- [EXERCISE DIRECTIONS]: Copy exactly the lines from the line holding "The highlight of" through the end of the material, and no others; pictures stay out.

- [DATASET EXTRACT]:
· · · ·

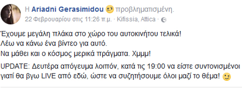 Αποκαλύψεις προαναγγέλει η Αριάδνη Γερασιμίδου μέσω Facebook στις 7 το απόγευμα. Για να δούμε άραγε τι έχει να πει. Το ζητούμενο είναι με αποδείξεις ή χωρίς;
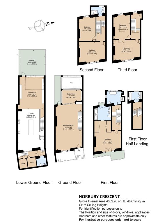 The highlight of the home is the principal suite, which occupies the entire first floor, featuring a spacious bedroom, a luxurious en-suite bathroom, and ample fitted storage. The upper floors offer four further double bedrooms, served by two well-appointed bathrooms, providing flexible accommodation for family and guests.
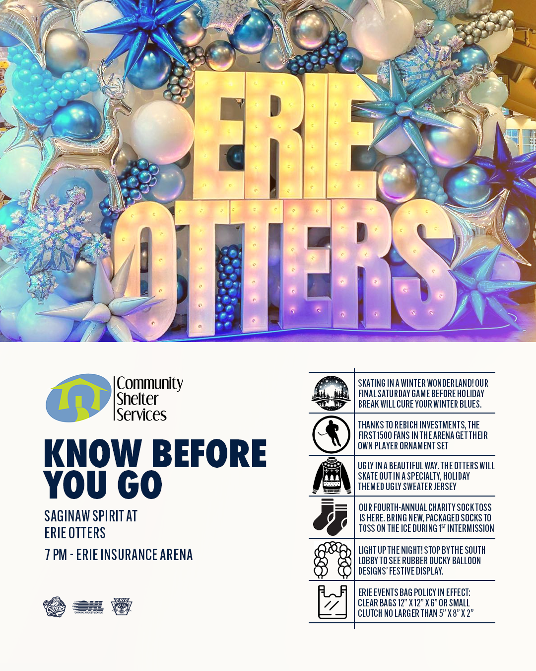 Rockin’ Around The EIA | Saginaw Spirit @ Erie Otters | December 14, 2024 – 7 P.M.

· · · ·

- [OUTPUT FOR THIS EXERCISE]:
 The highlight of the home is the principal suite, which occupies the entire first floor, featuring a spacious bedroom, a luxurious en-suite bathroom, and ample fitted storage. The upper floors offer four further double bedrooms, served by two well-appointed bathrooms, providing flexible accommodation for family and guests.
 Rockin’ Around The EIA | Saginaw Spirit @ Erie Otters | December 14, 2024 – 7 P.M.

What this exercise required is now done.